*EXERCISE DATA:*
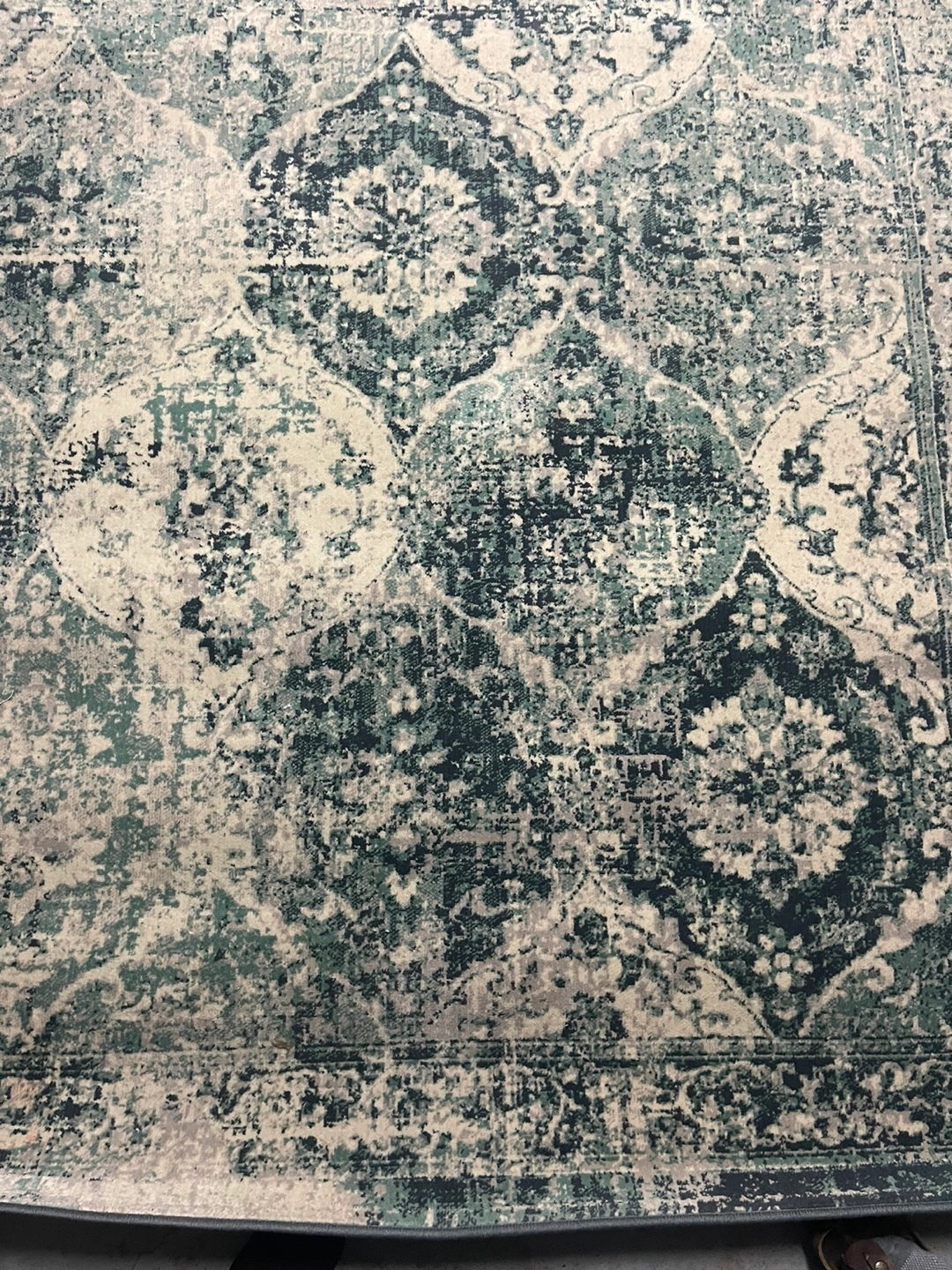 Elegant area rug. Features a distressed design in shades of green and beige. Machine washable.
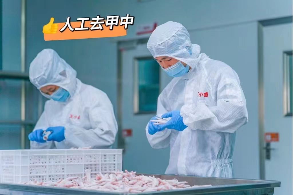 王小卤的凤爪第一步标准就是人工去甲但人工作业嘛,总会一些被遗漏的指尖但并不影响凤爪本身的好味道图
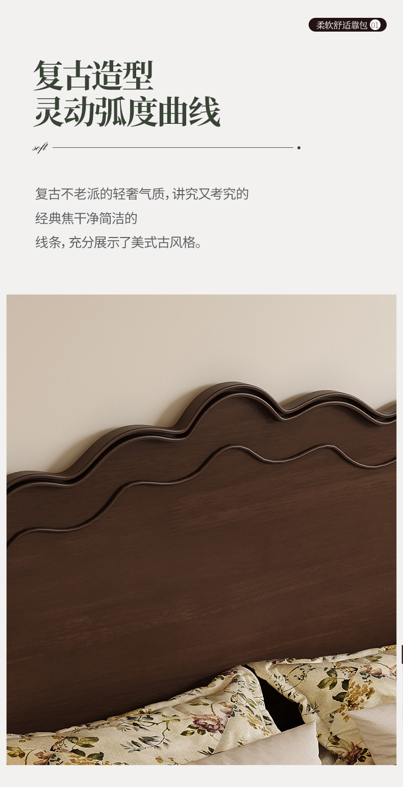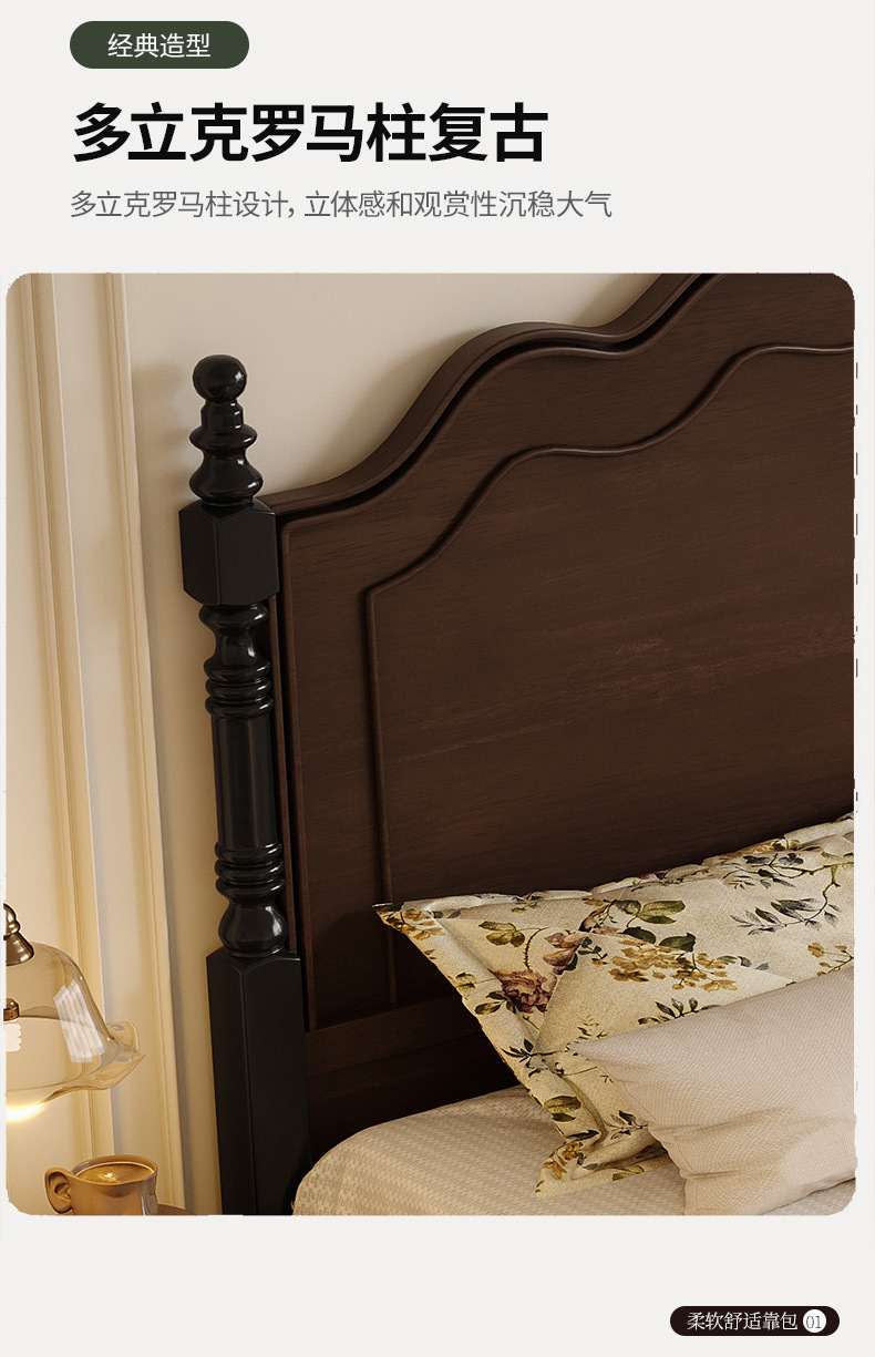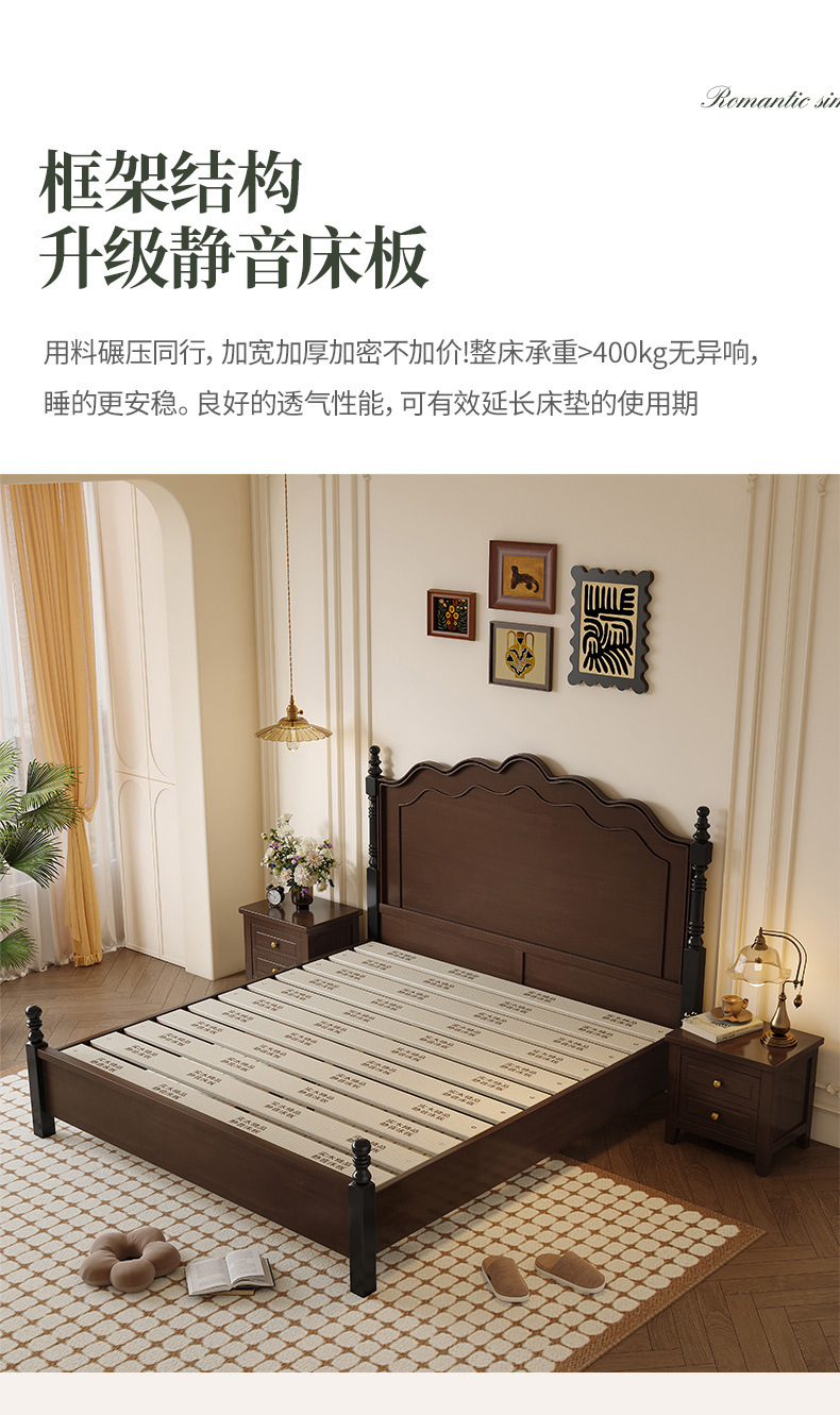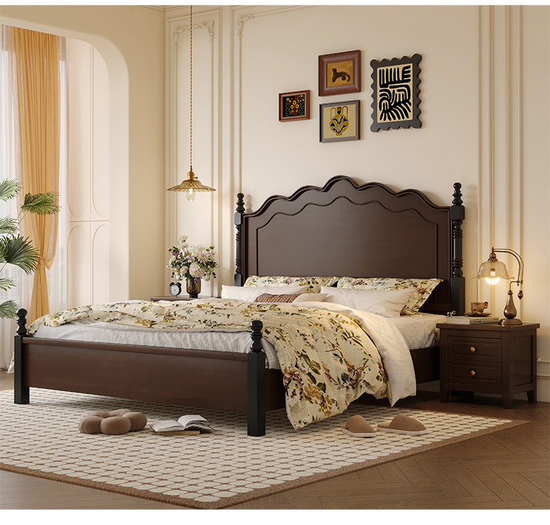 프렌치 레트로 원목 침대, 모던 심플 마스터 침실 1.5m 더블 침대, 아메리칸 침대 1.8m, 중세 스타일의 가벼운 럭셔리 가구스토어 가기
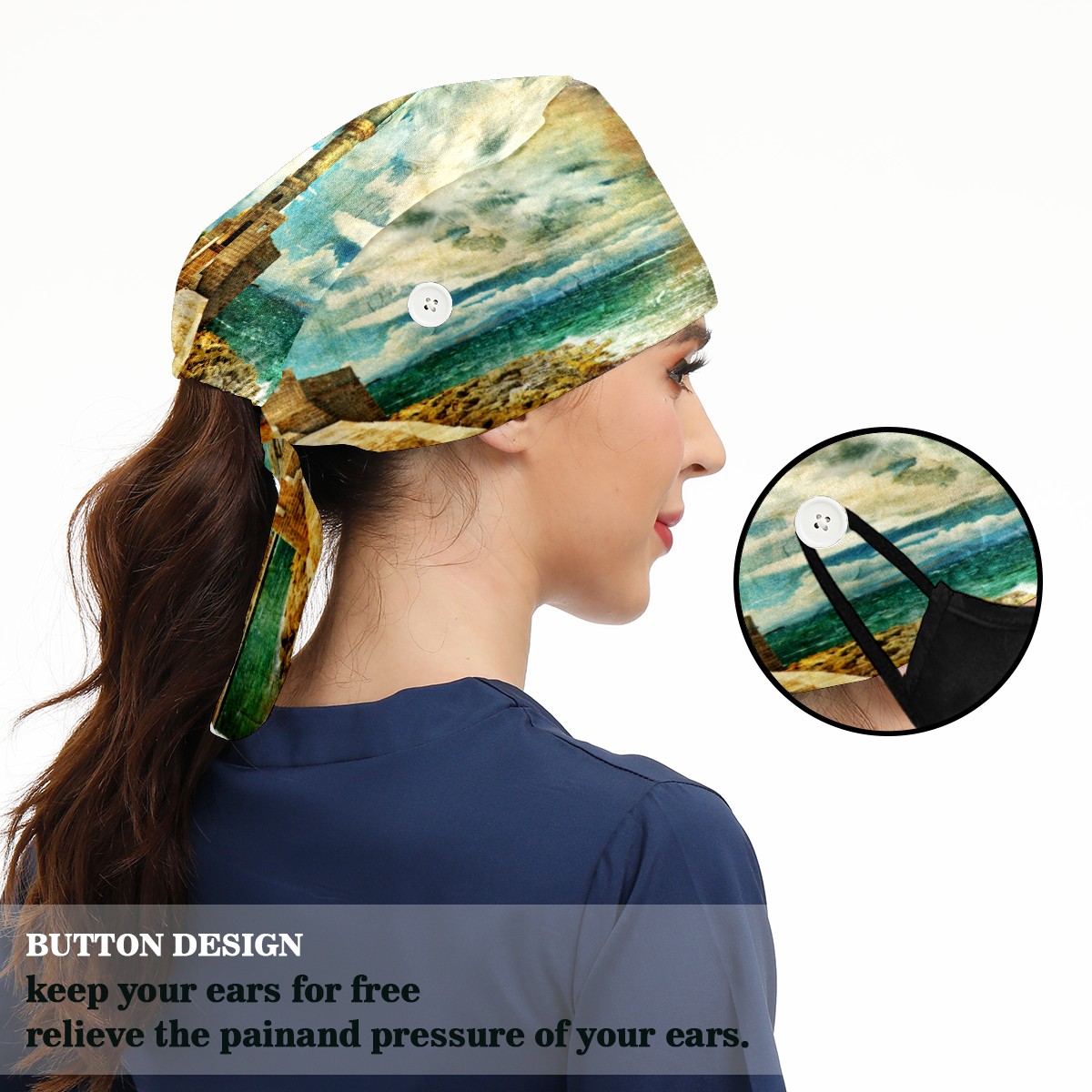 <p>Working cap with Sweatband and Button for Women Men</p><p>Material&nbsp;: 50% cotton+50% polyester</p><p>Size:&nbsp;One size fits most,&nbsp;suitable for both men and women.</p><p>Working Cap with Buttons Design:special&nbsp;design with buttons to protect ears for those who are wearing ma-sk. These new styles hats will allow you to put the straps around the buttons instead of your ears, make you feel more comfortable.</p><p>Sweat-absorbent towel cloth inside: Built-in&nbsp;100% cotton sweatband, keep the forehead clean after long time working.</p><p>Widely occasion: Widely used in beauty spa, house cleaning, cooking, sleeping, or for cos-play&nbsp;party.</p><p>Lovely pattern: lovely&nbsp;3D printed&nbsp;pattern,&nbsp;it's perfect for gift to you family&nbsp;and friends.</p>
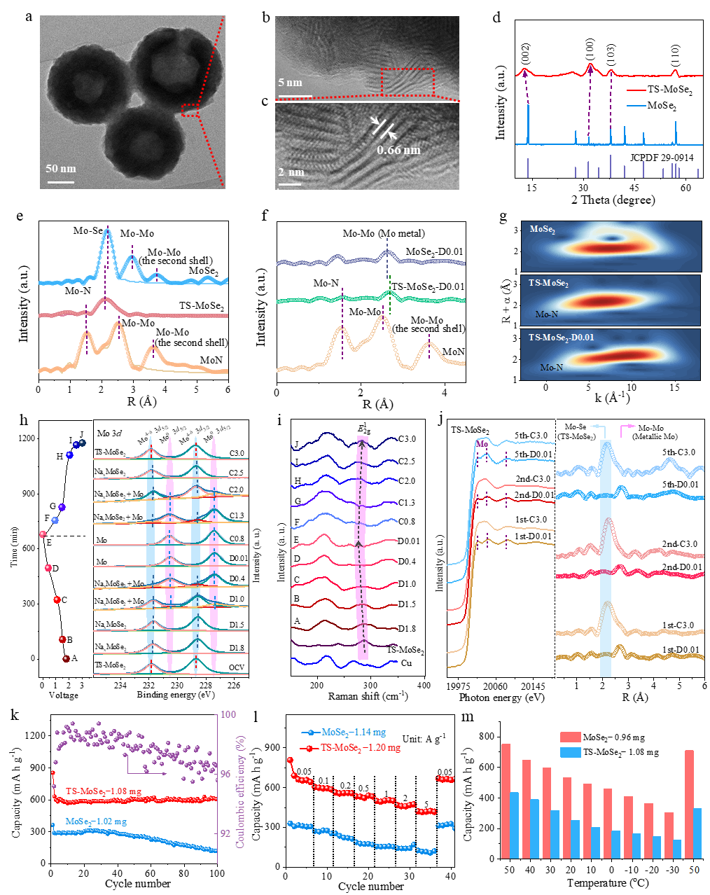 图1.(a-c)TS-MoSe2的表征;(d-g)TS-MoSe2、MoSe2与相应的放电产物TS-MoSe2-D0.01、MoSe2-D0.01的表征;(h-j)TS-MoSe2的钠存储机理表征;(k-m)TS-MoSe2与MoSe2电极的电化学性能。
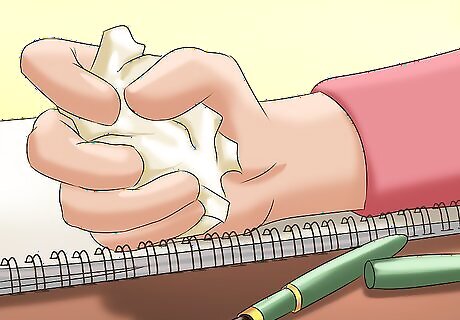 Ball up a piece of paper with one hand. Using only one hand the entire time, crumple up a piece of paper into a ball and then smooth it back out again. This works on developing hand strength.
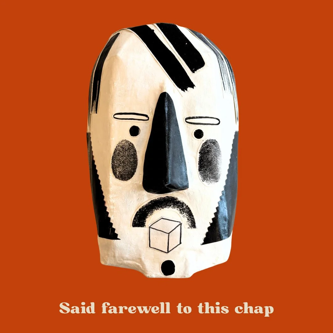 A painted mask with abstract facial features and geometric shapes, set against an orange background, with the text 'Said farewell to this chap' underneath.
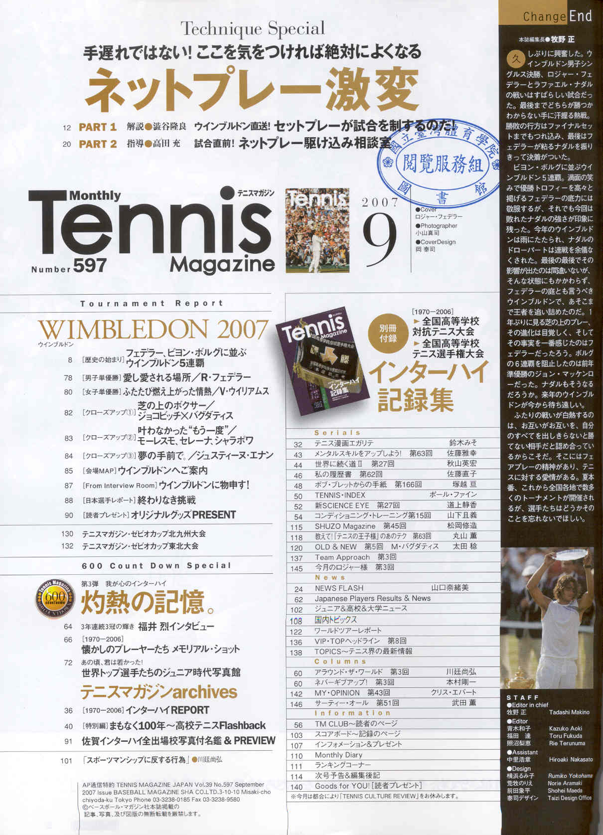 テニスマガジン 2007-09v.38-9(目次服務)

*WHAT THE TASK ASKS:* The entries should be reproduced word for word, pictures omitted.

*ANSWER AREA:*
 Elegant area rug. Features a distressed design in shades of green and beige. Machine washable.
 王小卤的凤爪第一步标准就是人工去甲但人工作业嘛,总会一些被遗漏的指尖但并不影响凤爪本身的好味道图
 프렌치 레트로 원목 침대, 모던 심플 마스터 침실 1.5m 더블 침대, 아메리칸 침대 1.8m, 중세 스타일의 가벼운 럭셔리 가구스토어 가기
 <p>Working cap with Sweatband and Button for Women Men</p><p>Material&nbsp;: 50% cotton+50% polyester</p><p>Size:&nbsp;One size fits most,&nbsp;suitable for both men and women.</p><p>Working Cap with Buttons Design:special&nbsp;design with buttons to protect ears for those who are wearing ma-sk. These new styles hats will allow you to put the straps around the buttons instead of your ears, make you feel more comfortable.</p><p>Sweat-absorbent towel cloth inside: Built-in&nbsp;100% cotton sweatband, keep the forehead clean after long time working.</p><p>Widely occasion: Widely used in beauty spa, house cleaning, cooking, sleeping, or for cos-play&nbsp;party.</p><p>Lovely pattern: lovely&nbsp;3D printed&nbsp;pattern,&nbsp;it's perfect for gift to you family&nbsp;and friends.</p>
 图1.(a-c)TS-MoSe2的表征;(d-g)TS-MoSe2、MoSe2与相应的放电产物TS-MoSe2-D0.01、MoSe2-D0.01的表征;(h-j)TS-MoSe2的钠存储机理表征;(k-m)TS-MoSe2与MoSe2电极的电化学性能。
 Ball up a piece of paper with one hand. Using only one hand the entire time, crumple up a piece of paper into a ball and then smooth it back out again. This works on developing hand strength.
 A painted mask with abstract facial features and geometric shapes, set against an orange background, with the text 'Said farewell to this chap' underneath.
 テニスマガジン 2007-09v.38-9(目次服務)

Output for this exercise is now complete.